Difference between revisions of "North East Scotland"
Revision as of 23:18, 1 June 2012
North East Scotland is in Scotland, one of the four countries that make up the United Kingdom of Great Britain and Northern Ireland. This is the part of Scotland to the north of the Central Belt and east of the Highlands which has long been known as good farming and fishing territory, but has of late come into considerable wealth because of its location as a base for the North Sea offshore oil industry.
Cities and Towns
Glamis Castle Glamis Castle (Pronounced Glam-Z) is situated beside the village of Glamis in Angus, Scotland. It is the home of the Earl and Countess of Strathmore and Kinghorne, and is open to the public. Glamis Castle has been the home of the Lyon family since the 14th century, though the present building dates largely from the 17th century. Glamis was the childhood home of Elizabeth Bowes-Lyon, who married King George VI, and was later known as Queen Elizabeth The Queen Mother. Her second daughter, Princess Margaret, was born there.
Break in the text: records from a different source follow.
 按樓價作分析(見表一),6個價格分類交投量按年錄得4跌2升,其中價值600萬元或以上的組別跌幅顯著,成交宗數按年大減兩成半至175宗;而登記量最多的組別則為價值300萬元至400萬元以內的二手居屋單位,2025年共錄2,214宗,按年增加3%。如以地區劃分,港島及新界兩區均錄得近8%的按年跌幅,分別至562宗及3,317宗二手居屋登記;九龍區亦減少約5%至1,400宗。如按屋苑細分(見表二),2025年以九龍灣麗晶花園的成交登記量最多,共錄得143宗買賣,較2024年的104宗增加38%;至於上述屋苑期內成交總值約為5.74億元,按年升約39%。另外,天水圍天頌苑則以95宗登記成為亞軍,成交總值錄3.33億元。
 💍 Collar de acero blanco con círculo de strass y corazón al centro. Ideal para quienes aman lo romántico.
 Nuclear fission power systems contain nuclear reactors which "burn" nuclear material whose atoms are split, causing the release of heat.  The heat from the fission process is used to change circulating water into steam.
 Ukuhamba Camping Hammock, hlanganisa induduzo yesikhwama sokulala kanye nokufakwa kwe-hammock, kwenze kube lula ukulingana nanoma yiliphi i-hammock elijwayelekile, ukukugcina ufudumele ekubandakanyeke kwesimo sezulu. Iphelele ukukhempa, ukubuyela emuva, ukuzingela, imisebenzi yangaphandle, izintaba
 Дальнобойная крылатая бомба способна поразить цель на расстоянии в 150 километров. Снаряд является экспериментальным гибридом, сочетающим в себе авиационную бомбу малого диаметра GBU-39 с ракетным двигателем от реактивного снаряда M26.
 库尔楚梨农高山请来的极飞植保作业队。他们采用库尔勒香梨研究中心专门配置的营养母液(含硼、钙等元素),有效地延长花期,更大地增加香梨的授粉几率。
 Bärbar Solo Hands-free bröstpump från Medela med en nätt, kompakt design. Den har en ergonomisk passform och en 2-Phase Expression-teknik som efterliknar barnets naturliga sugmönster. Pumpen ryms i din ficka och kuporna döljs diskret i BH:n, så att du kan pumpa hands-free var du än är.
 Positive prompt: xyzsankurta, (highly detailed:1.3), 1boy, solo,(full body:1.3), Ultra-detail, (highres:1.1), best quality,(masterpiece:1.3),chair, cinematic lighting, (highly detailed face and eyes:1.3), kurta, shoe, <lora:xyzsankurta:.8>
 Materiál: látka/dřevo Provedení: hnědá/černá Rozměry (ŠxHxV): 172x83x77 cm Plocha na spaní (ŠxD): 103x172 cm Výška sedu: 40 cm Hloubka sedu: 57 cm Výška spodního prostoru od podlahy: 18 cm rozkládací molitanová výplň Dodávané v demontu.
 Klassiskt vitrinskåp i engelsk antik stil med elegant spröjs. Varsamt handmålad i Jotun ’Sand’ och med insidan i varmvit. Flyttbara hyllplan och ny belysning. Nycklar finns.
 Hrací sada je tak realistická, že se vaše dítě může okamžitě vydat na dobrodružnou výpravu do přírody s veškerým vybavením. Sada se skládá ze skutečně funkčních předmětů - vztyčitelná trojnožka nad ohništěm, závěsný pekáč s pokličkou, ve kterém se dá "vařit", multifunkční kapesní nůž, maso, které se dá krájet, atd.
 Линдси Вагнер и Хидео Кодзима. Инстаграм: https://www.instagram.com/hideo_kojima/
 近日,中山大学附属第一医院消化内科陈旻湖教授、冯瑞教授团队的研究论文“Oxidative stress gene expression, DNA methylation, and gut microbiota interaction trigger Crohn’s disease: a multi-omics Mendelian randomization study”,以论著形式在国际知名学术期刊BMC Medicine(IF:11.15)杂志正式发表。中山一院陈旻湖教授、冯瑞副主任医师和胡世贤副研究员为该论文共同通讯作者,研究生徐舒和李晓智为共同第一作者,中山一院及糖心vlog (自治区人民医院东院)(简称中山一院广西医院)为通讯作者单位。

The castle is protected as a category A listed building, and the grounds are included on the Inventory of Gardens and Designed Landscapes in Scotland, the national listing of significant gardens
Over the years numerous traditional Scottish dishes have been created in North East Scotland, and no trip to the region would be complete without trying the local cuisine.
The Forfar Bridie
Originating from the county town of Angus, Forfar. Bridies are said "to have been 'invented' by a local baker in the 1850s." The name may refer to the pie's frequent presence on wedding menus, or to Margaret Bridie of Glamis, "who sold them at the Buttermarket in Forfar." They are made from pastry filled with mince (with or without onion), steak or even chicken, with butter and beef suet, salt and pepper. Similar to pasties, but because they are made without potatoes, they are much lighter in texture. Bakers in Forfar traditionally use shortcrust pastry for their bridies, but in the rest of Scotland, flaky pastry is preferred (It is possible in butchers or even fishmongers in Forfar to find flaky pastry bridies). Before being baked, the bridie's filling is placed on pastry dough, which is then folded into a semi-circular or triangular shape; finally, the edges are crimped. If the baker pokes one hole in the top of a bridie, it is understood to be plain, or without onions. Those that do include onions have two holes. the bridie continues to be a popular snack in Forfar with many locals eating them for lunch at the weekend.
The Arbroath Smokie
Arbroath smokies are a type of smoked haddock – a speciality of the town of Arbroath in Angus. The Arbroath Smokie originated in the small fishing village of Auchmithie, three miles northeast of Arbroath. Local legend has it a store caught fire one night, destroying barrels of haddock preserved in salt. The following morning, the people found some of the barrels had caught fire, cooking the haddock inside. Inspection revealed the haddock to be quite tasty. Towards the end of the 19th century, as Arbroath's fishing industry died, the Town Council offered the fisherfolk from Auchmithie land in an area of the town known as the fit o' the toon. It also offered them use of the modern harbour. Much of the Auchmithie population then relocated, bringing the Arbroath Smokie recipe with them. Today, some 15 local businesses produce Arbroath smokies, selling them in major supermarkets in the UK and online. In 2004, the European Commission registered the designation "Arbroath smokies" as a Protected Geographical Indication under the EU's Protected Food Name Scheme, acknowledging its unique status.